I have eight cats. All but one of them was intended to be a barn cat. You know, a working cat. One that lives in the barn, eats mice and rats and doesn’t want to sleep on my bed with me. Of the eight felines that inhabit this property, not one of them can actually be called a “Barn Cat”. That’s because all of them would really rather sleep on my bed. I don’t let them. If I did, I’d have to sleep somewhere else and give them the bed. I suspect that’s their ultimate aim and I’m not giving in.

Let me start by saying I’ve always been a cat person and all of my cats are rescues. At the core of my being I’m a crazy cat lady. This is why I have so much trouble understanding Moosie’s messages to me, information a born dog person would immediately understand. I’m trying to communicate in a language I don’t naturally speak, one I’m only learning late in life and my¬† accent is really horrible.

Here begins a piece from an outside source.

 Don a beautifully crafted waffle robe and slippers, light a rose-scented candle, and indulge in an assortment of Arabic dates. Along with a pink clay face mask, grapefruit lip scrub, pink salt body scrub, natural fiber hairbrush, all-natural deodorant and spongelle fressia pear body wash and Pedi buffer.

I think it’s required of writers to be cat people, part of the job description. Dogs and anything that isn’t writing or reading are very “Yang” (outward and energetic) while cats and writing are very “Yin” (inward and passive). In one of my previous lives (one of the three before the dastard) the cats that came into my life were given names beginning with the letter “W”. This went on for quite a while, starting with Wilson in 1983 (I should have listened to him when he clearly told me he didn’t want the dastard in our lives) and working through to the last of them, Waku Oni, who appeared in 2013.

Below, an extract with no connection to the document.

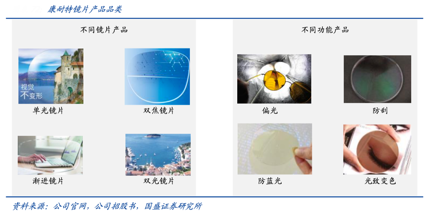 經(jīng)典案例:根據(jù)公司官網(wǎng)、公司招股書、國(guó)盛證券研究所等綜合資訊表明,康耐特產(chǎn)品矩陣豐富,定制化能力突出。自 2018 年日本開放專利以來,康耐特是目前唯一成功引進(jìn)日本 1.74 折射率鏡片生產(chǎn)技術(shù)并批量生產(chǎn)的公司。此 外,公司根據(jù)鏡片設(shè)計(jì),將產(chǎn)品分為平光鏡片、單光鏡片、多焦點(diǎn)鏡片及漸進(jìn)鏡片,能夠覆蓋絕大多數(shù)標(biāo)準(zhǔn)鏡片設(shè)計(jì),SKU 超 600 萬。

Waku whosits? Back in the 90s I lived in Japan for half a year. After leaving my four cats–Watson, Wilfred, Wilhemina and Winston–in the US with my sisters, of course I found a tiny little calico kitten in the bike garage of my apartment building. She became Wazuka Oni, very bad Japanese for “Little Devil”. And she was just that, a tiny little she-devil with all the amazing intelligence you expect of Japanese Calico cats. Since the US and Japan have a very nice treaty, it was easy to bring Oni cat #1 home to the states, where she was incredibly disappointed to discover she had to share her house with other cats. It was a given that any future calico would have to be an Oni cat. I’m not sure what Waku means only that Japanese friends had named their son Waku Waku. No matter. Waku is living up to the Oni part of her name, terrorizing the other cats and the dogs by ambushing them whenever she can.

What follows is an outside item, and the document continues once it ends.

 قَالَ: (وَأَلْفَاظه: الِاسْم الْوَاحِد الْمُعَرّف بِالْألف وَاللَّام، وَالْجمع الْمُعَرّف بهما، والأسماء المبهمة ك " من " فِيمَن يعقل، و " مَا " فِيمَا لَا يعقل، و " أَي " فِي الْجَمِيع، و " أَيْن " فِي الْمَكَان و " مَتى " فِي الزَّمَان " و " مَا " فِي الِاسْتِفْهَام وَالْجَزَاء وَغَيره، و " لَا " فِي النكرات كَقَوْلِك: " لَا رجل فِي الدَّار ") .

As for the rest of the felines who now share my life, since they were supposed to be barn cats I didn’t want to name them. To me, names equal pets, and these guys were supposed to be feral and uninterested in humans. Our only interaction was to be me putting out a bowl of kibble once a day. Instead, they got epithets. There’s Spots, Socks, Adventure Boy, Fuzzy, Shy Girl and Funny Face (who later became Fat Girl). Oh, and let’s not forget Useless. That’s the dark torty given to me by an acquaintance who swore she was a feral cat. Instead, she turned out to be former house cat with a love for sitting on my computer keyboard. Like Scarlett O’Hara, she swears she will never be hungry again! That doesn’t mean hunting for anything. That means staring at me until her food bowl is filled, even if she isn’t ready to eat yet.

For the record it turns out epithets also equals pets as you can see from the picture. At least all but Useless hunt. Two of the cats spend most of their time in the barn, Spots and Socks. That doesn’t mean they don’t want their lap time. Today, Socks is out and about, hunkered down in a dry place no doubt. That’s Spots dashing toward me, trying to convince me to stay and do that petting thing for a little longer.